**AIM OF THE EXERCISE:** Please give the lines below again exactly as they stand, from the one that contains "本次升级聚焦用户高频场景,锁" up to and including the one that contains "401 築40年の借家のリノべーション 根岸塗装店", leaving all pictures out.

**INFORMATION GIVEN:**

────────────────────────────────────────

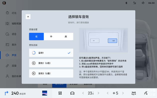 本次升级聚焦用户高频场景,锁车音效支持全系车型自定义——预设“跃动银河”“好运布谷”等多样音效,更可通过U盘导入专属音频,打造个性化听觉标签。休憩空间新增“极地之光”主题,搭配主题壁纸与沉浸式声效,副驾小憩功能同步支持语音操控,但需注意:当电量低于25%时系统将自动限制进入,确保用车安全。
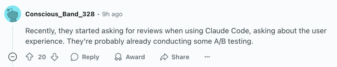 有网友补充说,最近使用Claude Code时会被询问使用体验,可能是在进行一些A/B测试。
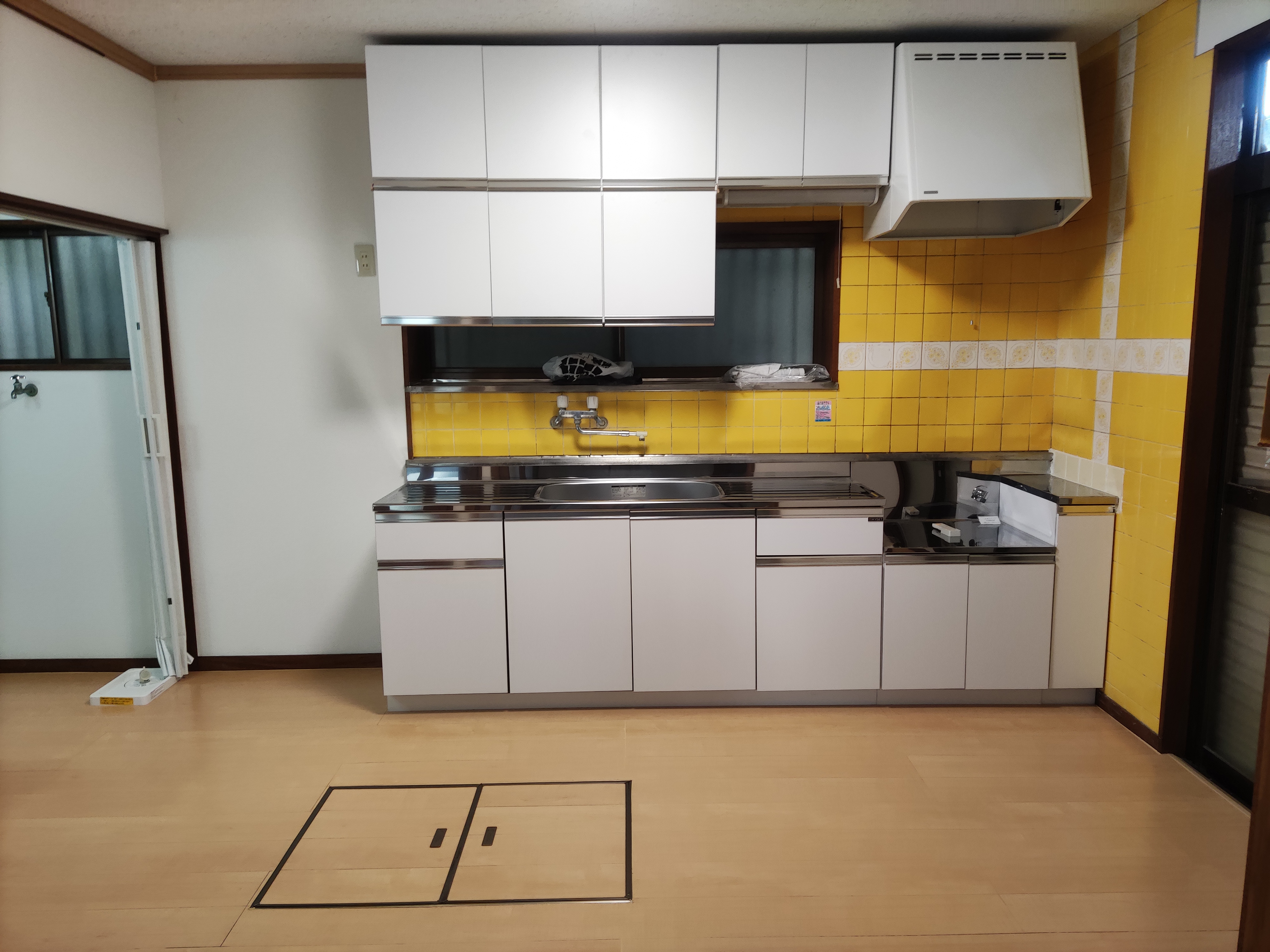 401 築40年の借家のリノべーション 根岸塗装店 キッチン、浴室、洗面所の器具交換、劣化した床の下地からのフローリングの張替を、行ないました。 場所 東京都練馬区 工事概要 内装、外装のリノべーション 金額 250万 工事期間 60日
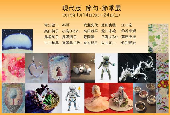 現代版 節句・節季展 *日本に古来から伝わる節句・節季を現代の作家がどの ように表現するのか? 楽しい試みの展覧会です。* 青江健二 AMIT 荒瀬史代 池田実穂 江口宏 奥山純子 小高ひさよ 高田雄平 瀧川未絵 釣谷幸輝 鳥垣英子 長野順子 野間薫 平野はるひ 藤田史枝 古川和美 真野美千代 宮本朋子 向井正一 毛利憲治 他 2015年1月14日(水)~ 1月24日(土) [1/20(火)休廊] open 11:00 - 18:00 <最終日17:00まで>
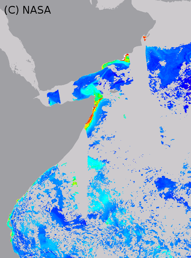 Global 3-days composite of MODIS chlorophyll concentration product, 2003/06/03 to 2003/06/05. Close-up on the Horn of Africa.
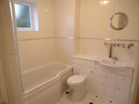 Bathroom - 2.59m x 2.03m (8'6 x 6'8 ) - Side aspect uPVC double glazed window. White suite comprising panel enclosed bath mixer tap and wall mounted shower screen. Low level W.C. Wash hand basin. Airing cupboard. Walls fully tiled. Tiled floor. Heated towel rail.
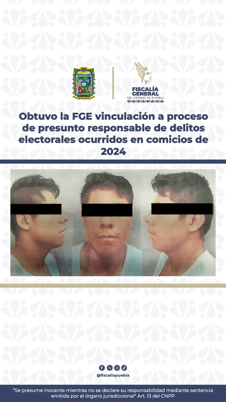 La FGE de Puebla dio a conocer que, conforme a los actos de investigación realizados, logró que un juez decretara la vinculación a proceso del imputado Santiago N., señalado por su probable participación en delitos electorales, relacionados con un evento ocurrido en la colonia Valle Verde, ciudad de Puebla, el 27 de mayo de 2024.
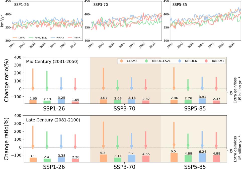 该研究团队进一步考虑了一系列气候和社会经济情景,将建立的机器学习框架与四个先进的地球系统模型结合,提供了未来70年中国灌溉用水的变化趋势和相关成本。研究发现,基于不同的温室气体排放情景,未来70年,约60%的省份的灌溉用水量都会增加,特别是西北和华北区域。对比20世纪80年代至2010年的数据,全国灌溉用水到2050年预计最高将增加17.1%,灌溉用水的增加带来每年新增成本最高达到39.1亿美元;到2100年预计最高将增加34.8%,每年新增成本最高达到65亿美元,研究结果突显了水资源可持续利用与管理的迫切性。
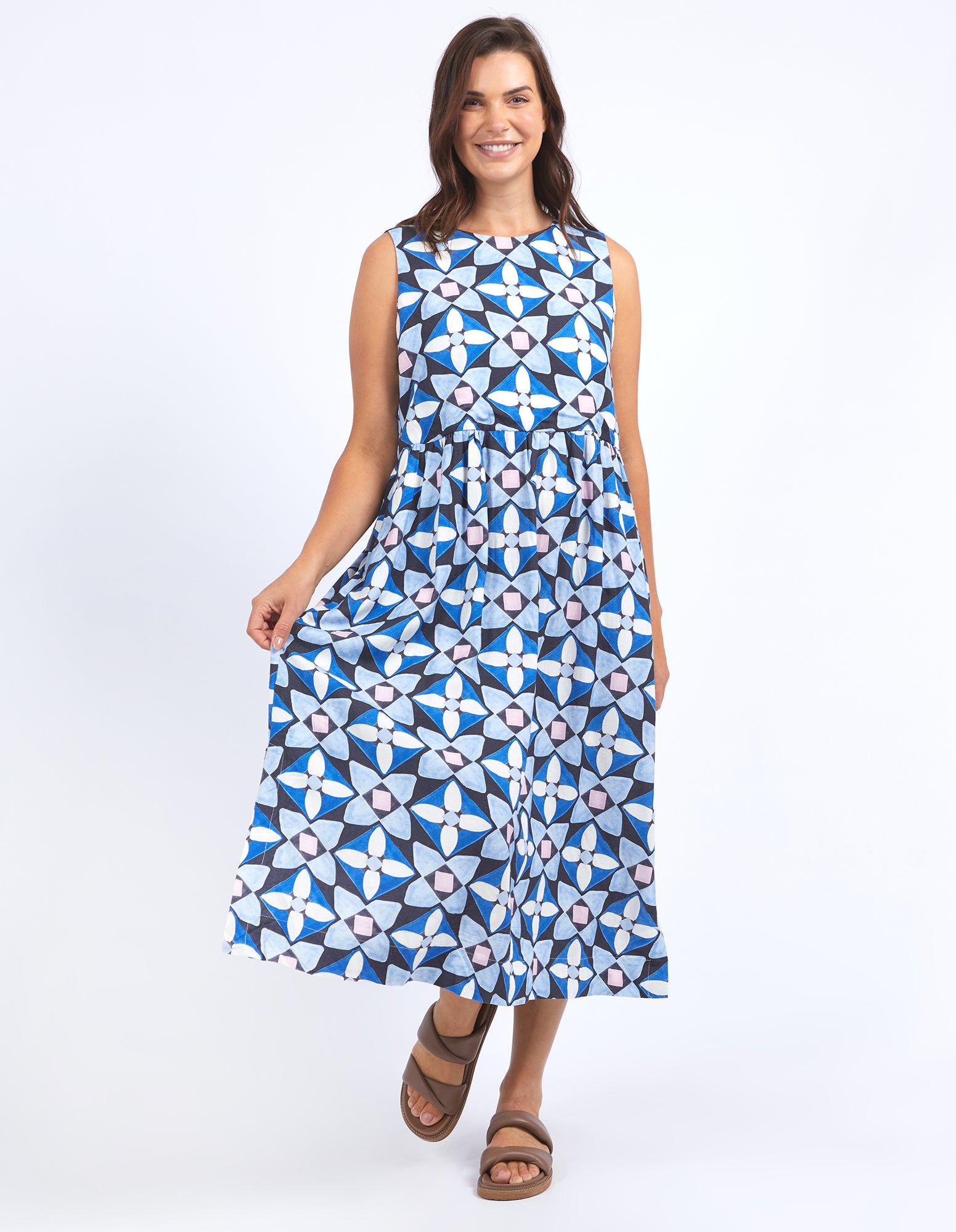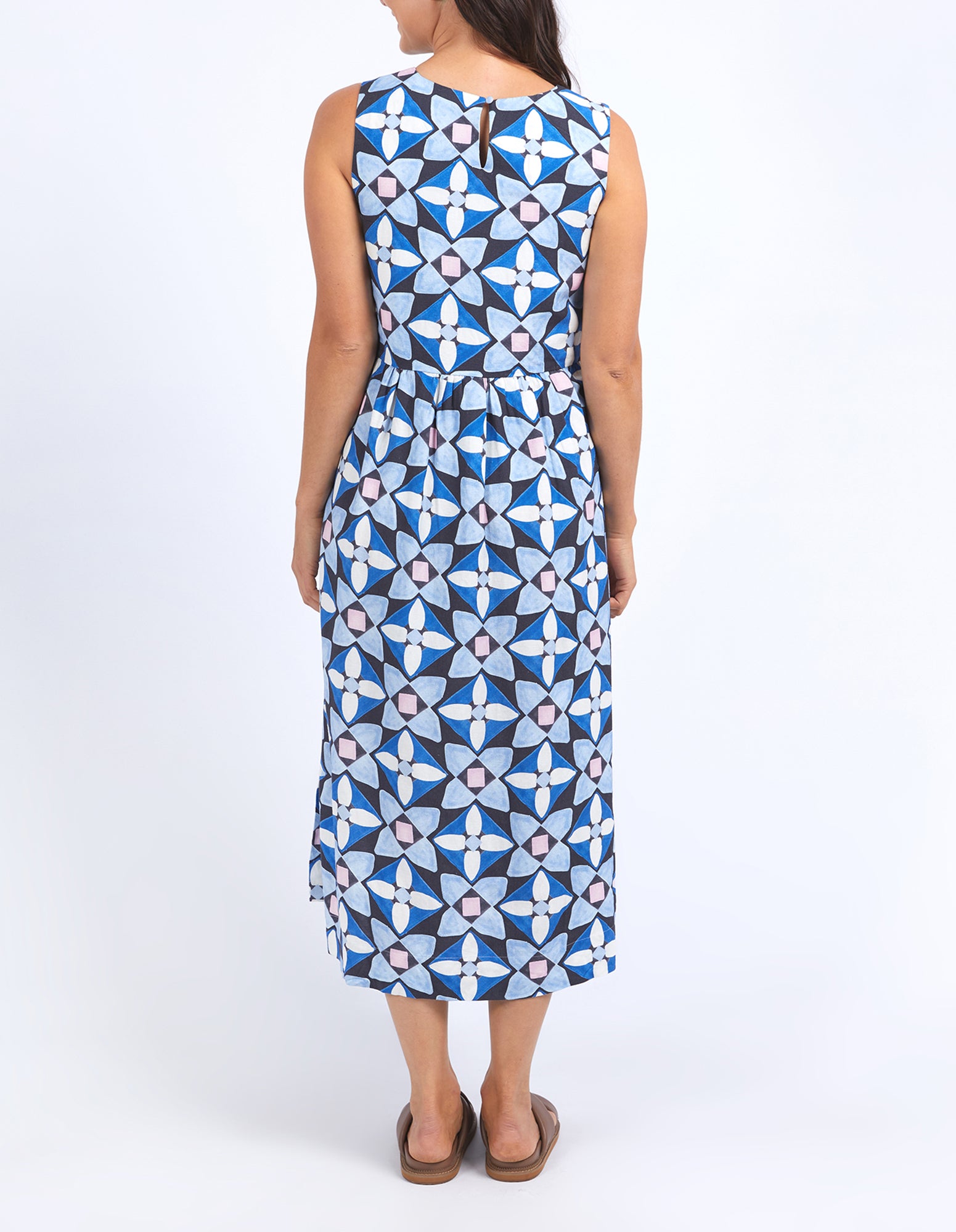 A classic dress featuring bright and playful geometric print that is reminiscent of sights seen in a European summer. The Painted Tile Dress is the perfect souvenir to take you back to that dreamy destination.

────────────────────────────────────────

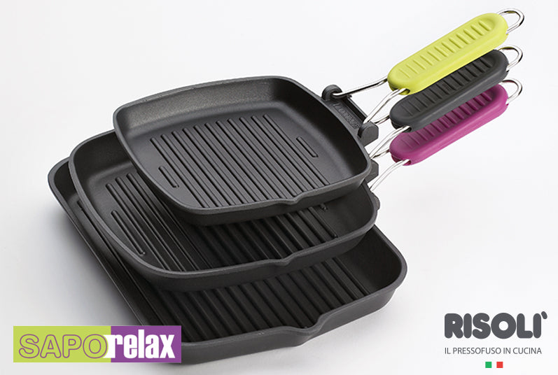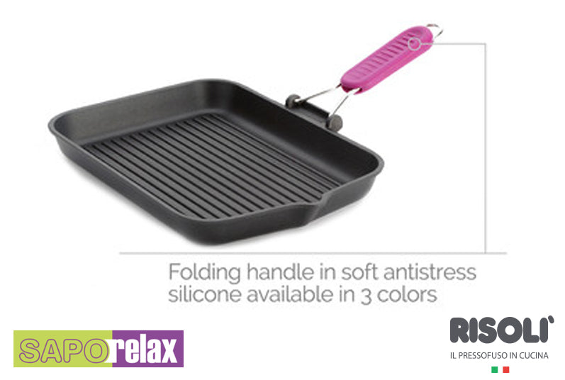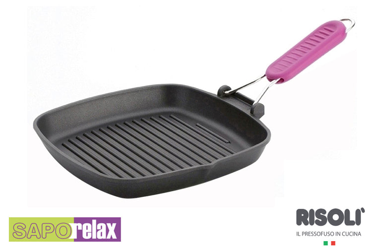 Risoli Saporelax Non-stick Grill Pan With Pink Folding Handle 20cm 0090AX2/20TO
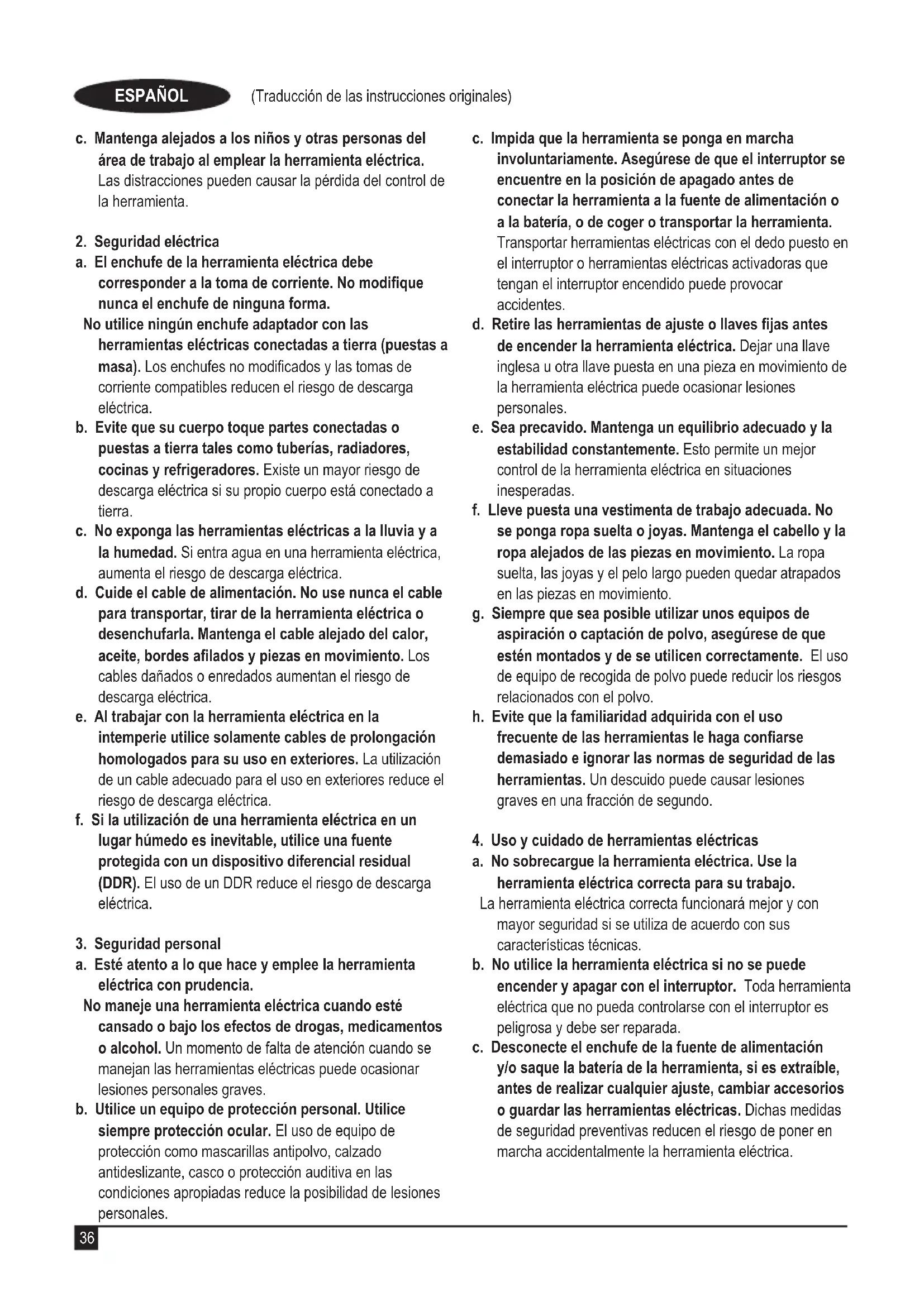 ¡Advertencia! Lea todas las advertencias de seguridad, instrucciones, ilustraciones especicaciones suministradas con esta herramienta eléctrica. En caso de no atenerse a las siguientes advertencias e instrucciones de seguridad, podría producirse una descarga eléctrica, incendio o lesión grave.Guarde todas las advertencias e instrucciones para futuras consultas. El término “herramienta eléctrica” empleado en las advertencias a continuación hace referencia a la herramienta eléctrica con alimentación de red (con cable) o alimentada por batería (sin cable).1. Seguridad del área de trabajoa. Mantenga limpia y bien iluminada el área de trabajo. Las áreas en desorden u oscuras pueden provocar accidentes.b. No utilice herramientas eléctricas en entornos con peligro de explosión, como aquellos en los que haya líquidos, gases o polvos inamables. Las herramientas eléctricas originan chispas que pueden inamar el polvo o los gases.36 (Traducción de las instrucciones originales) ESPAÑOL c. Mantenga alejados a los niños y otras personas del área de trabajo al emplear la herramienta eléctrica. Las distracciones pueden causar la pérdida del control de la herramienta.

────────────────────────────────────────

**OUTPUT FOR THIS EXERCISE:**
 本次升级聚焦用户高频场景,锁车音效支持全系车型自定义——预设“跃动银河”“好运布谷”等多样音效,更可通过U盘导入专属音频,打造个性化听觉标签。休憩空间新增“极地之光”主题,搭配主题壁纸与沉浸式声效,副驾小憩功能同步支持语音操控,但需注意:当电量低于25%时系统将自动限制进入,确保用车安全。
 有网友补充说,最近使用Claude Code时会被询问使用体验,可能是在进行一些A/B测试。
 401 築40年の借家のリノべーション 根岸塗装店 キッチン、浴室、洗面所の器具交換、劣化した床の下地からのフローリングの張替を、行ないました。 場所 東京都練馬区 工事概要 内装、外装のリノべーション 金額 250万 工事期間 60日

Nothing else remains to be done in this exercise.